Der Ausgleich hatte zur Folge, dass Schwenningen sofort wieder attackierte und nach einem hohen Stock von Aubry vier Minuten in Überzahl randurfte (28.). Nach 2:30 Minuten hallten „Juvonen“-Rufe durch die Arena. Der Finne im Haie-Tor war nicht zu überwinden und sammelte in Unterzahl sagenhafte acht Saves. Der KEC fand trotzdem nicht mehr Energie und verpasste im zweiten Powerplay die Führung, weil Russell bei der einzigen Chance an Eriksson scheiterte (38.).

Die Wild Wings hatten 40 Minuten lang viel investiert und sich so gut wie keine Fehler erlaubt. Der erste Lapsus der Gäste führte dann gleich zu einem Gegentor. Kevin Niedenz fing im eigenen Drittel einen ungenauen Schwenninger Pass ab und nahm Tempo auf. Nate Schnarr machte mit, bekam von Niedenz den Puck und blieb vor Eriksson cool. Der zweite Treffer des Kanadiers bedeutete die erste Führung für den Favoriten (43.) — und die Entscheidung.

Man gewinnt kein Spiel in den ersten 20 Minuten.
Kari Jalonen, Chefcoach Kölner Haie

Die Haie machten es zwar spannend, gerieten durch einen hohen Stock von Kevin Niedenz noch einmal in Unterzahl (52.), vergaben durch MacLeod das 4:2 (55.) und benötigten Glück, als ein Schuss von Boaz Bassen nur knapp vorbeistrich (60.), kamen dann aber durch Aubry zum erlösenden vierten Treffer ins leere Schwenninger Gehäuse (60.).
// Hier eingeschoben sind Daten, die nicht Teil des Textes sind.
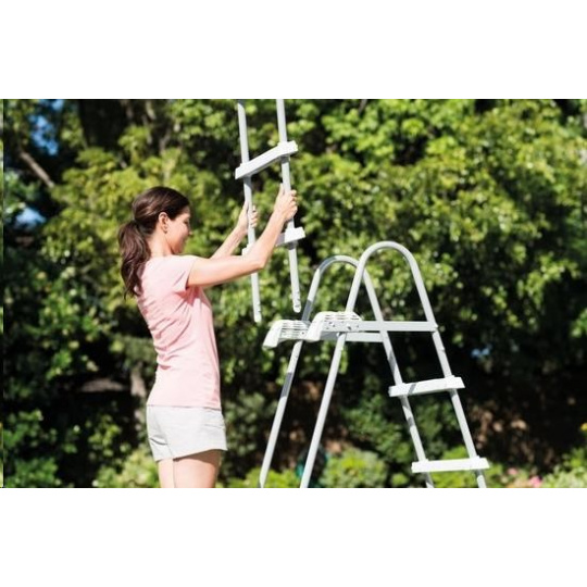 Schůdky mají odnímatelná stupátka - při jejich odnětí zamezíte nekontrolovatelnému vstupu dětí do bazénu. Maximální nosnost 136 kg.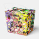 Caja de regalo personalizado decorada con círculos arcoiris y varias formas de sushi

„Wir wollten uns von Drittel zu Drittel verbessern. Man gewinnt kein Spiel in den ersten 20 Minuten. Wir haben im zweiten Drittel mehr Bullys gewonnen und besser an den Banden gespielt. Unsere Unterzahl hat einen tollen Job gemacht und unsere vierte Reihe hat für das 2:2 gesorgt. In den Playoffs braucht es das ganze Team, um Erfolg zu haben“, sagte Kari Jalonen.


Statistik:

Kölner Haie: Juvonen; Kaski, Austin; Kemiläinen, Vittasmäki; Müller, Sennhenn; Glötzl; Russell, MacLeod, Kero; Bokk, Aubry, Storm; Niedenz, Schnarr, Kammerer; Uher, van Calster; Tuomie. — SR.: Hebert/Ansons. — Zuschauer: 18.600. — Tore: 0:1 Hungerecker (8:13/Tyson und Tyler Spink), 1:1 Schnarr (14:47/Kemiläinen, MacLeod, PP1), 1:2 Tyson Spink (15:39/Weber), 2:2 Uher (27:08/Vittasmäki, Kemiläinen), 3:2 Schnarr (42:15/Niedenz), 4:2 Aubry (59:37/Russell, Vittasmäki). — Strafminuten: Köln 6; Schwenningen 4.